_Exercise inputs_
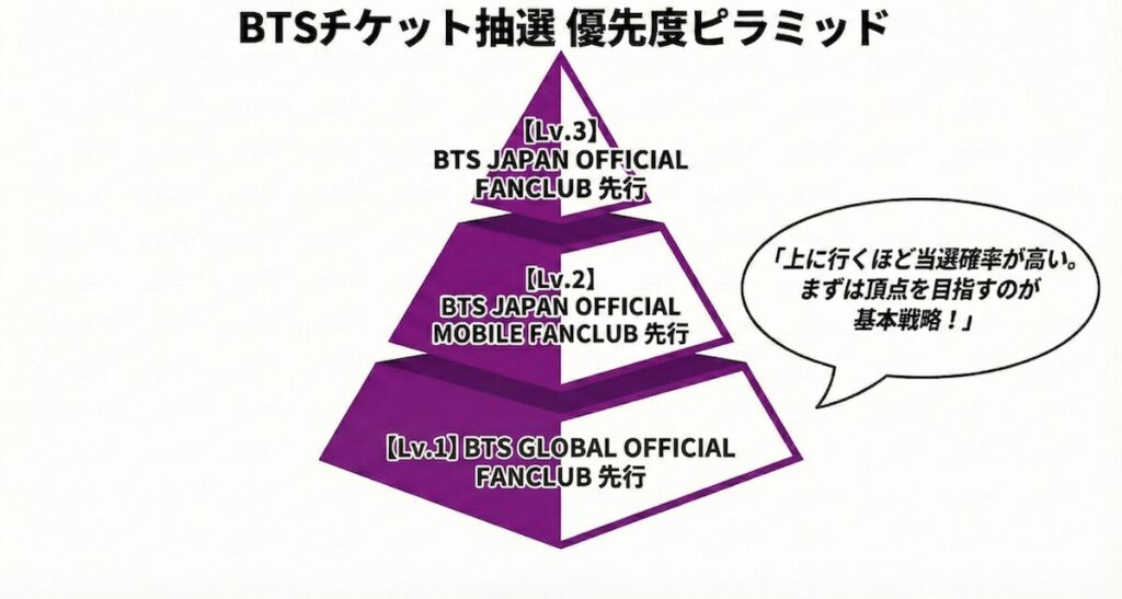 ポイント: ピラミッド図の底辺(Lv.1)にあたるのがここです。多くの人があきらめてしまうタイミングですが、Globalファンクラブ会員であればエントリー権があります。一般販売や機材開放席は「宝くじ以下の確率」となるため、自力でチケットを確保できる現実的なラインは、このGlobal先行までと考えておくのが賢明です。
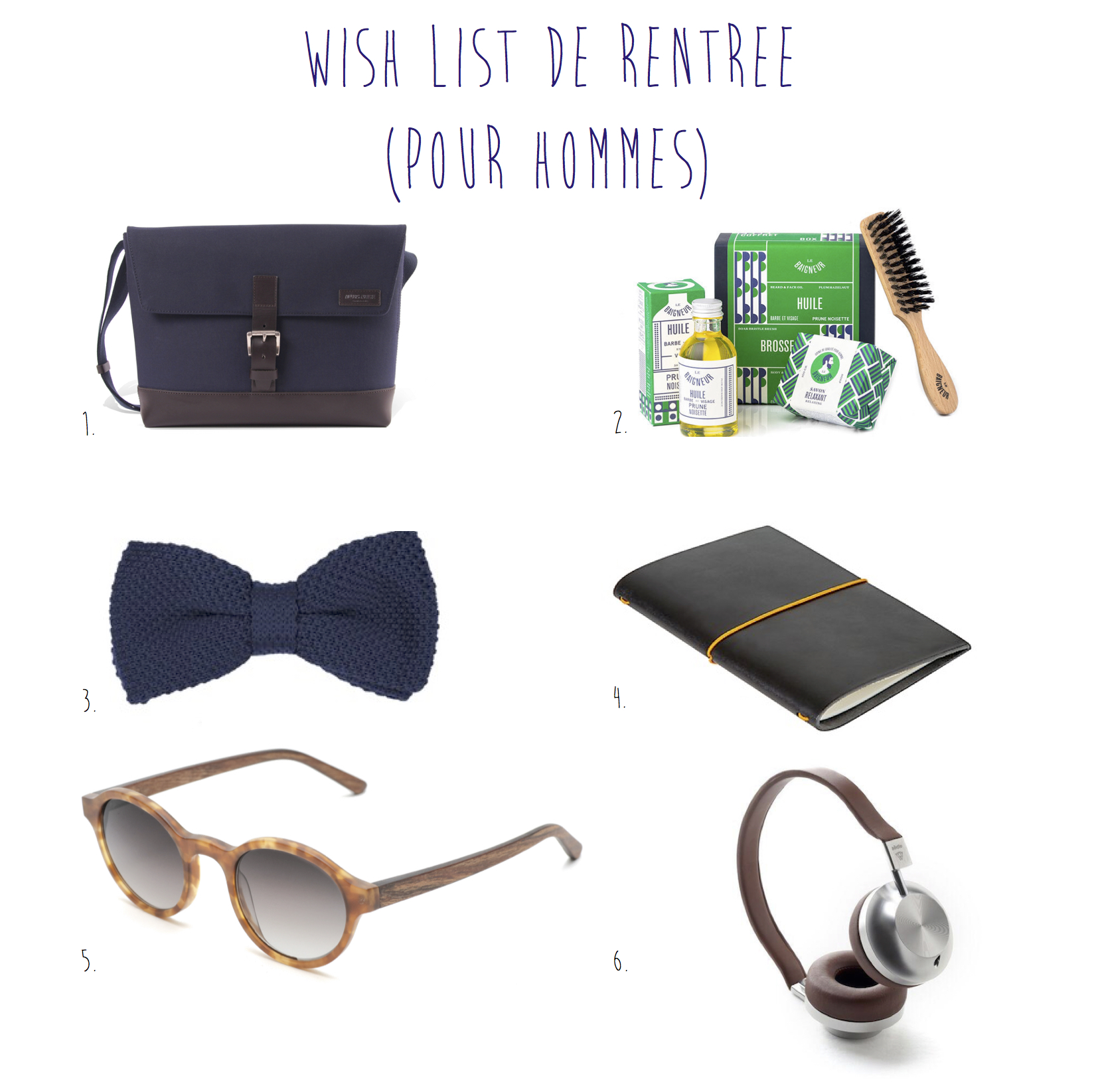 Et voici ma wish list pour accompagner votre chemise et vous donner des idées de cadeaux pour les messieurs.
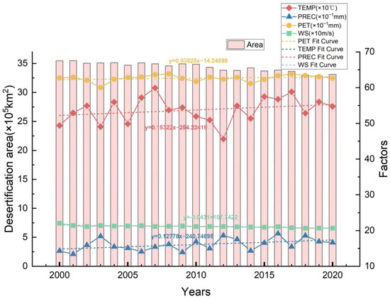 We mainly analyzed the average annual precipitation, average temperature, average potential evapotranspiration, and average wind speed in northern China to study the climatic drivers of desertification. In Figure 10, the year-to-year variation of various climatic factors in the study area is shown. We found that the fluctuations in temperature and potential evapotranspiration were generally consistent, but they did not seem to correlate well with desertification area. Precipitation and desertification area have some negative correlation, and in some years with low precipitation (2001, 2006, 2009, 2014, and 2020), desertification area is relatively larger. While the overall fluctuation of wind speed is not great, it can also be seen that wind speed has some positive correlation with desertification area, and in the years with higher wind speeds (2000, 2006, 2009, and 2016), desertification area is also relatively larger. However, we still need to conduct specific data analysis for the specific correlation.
--
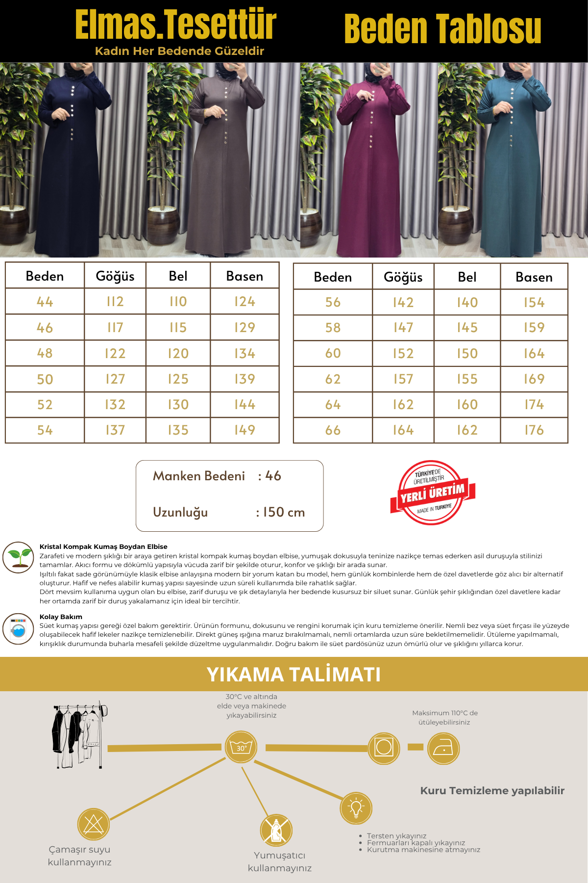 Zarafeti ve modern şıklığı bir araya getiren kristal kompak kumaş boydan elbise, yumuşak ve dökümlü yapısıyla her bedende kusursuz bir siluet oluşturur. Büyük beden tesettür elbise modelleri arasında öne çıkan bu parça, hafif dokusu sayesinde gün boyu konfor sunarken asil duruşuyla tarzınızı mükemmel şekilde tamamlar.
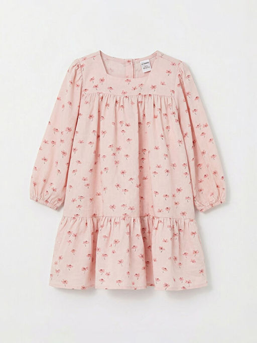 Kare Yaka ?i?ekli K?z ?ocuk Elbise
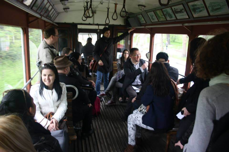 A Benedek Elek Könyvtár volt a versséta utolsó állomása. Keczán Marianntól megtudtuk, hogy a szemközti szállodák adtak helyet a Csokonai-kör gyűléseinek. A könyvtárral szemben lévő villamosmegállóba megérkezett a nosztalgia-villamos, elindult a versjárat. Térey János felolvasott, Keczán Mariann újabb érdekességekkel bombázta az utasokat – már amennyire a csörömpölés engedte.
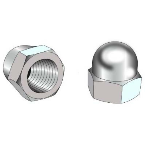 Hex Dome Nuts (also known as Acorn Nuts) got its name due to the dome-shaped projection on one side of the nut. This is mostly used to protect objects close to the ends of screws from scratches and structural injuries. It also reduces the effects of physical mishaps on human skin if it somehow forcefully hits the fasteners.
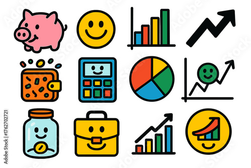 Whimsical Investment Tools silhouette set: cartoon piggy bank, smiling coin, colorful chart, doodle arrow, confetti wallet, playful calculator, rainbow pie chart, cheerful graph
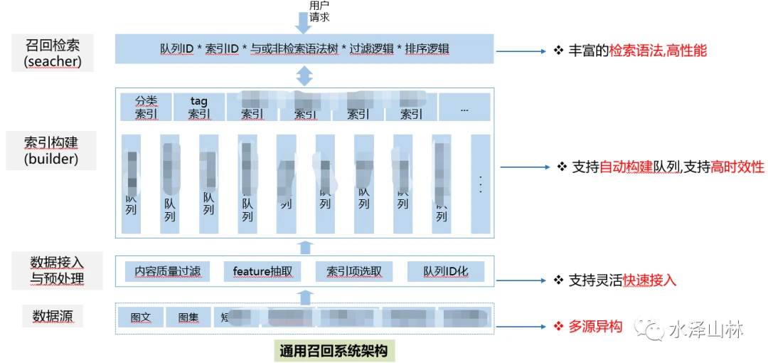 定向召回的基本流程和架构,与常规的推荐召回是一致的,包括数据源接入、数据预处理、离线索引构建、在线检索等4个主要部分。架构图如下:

_The task_
Copy exactly the part of the material above that opens with the line containing "Kare Yaka ?i?ekli K?z ?ocuk Elbise" and closes with the line containing "A Benedek Elek", ends included. Drop the images.

_Answer area_
 Kare Yaka ?i?ekli K?z ?ocuk Elbise
 A Benedek Elek Könyvtár volt a versséta utolsó állomása. Keczán Marianntól megtudtuk, hogy a szemközti szállodák adtak helyet a Csokonai-kör gyűléseinek. A könyvtárral szemben lévő villamosmegállóba megérkezett a nosztalgia-villamos, elindult a versjárat. Térey János felolvasott, Keczán Mariann újabb érdekességekkel bombázta az utasokat – már amennyire a csörömpölés engedte.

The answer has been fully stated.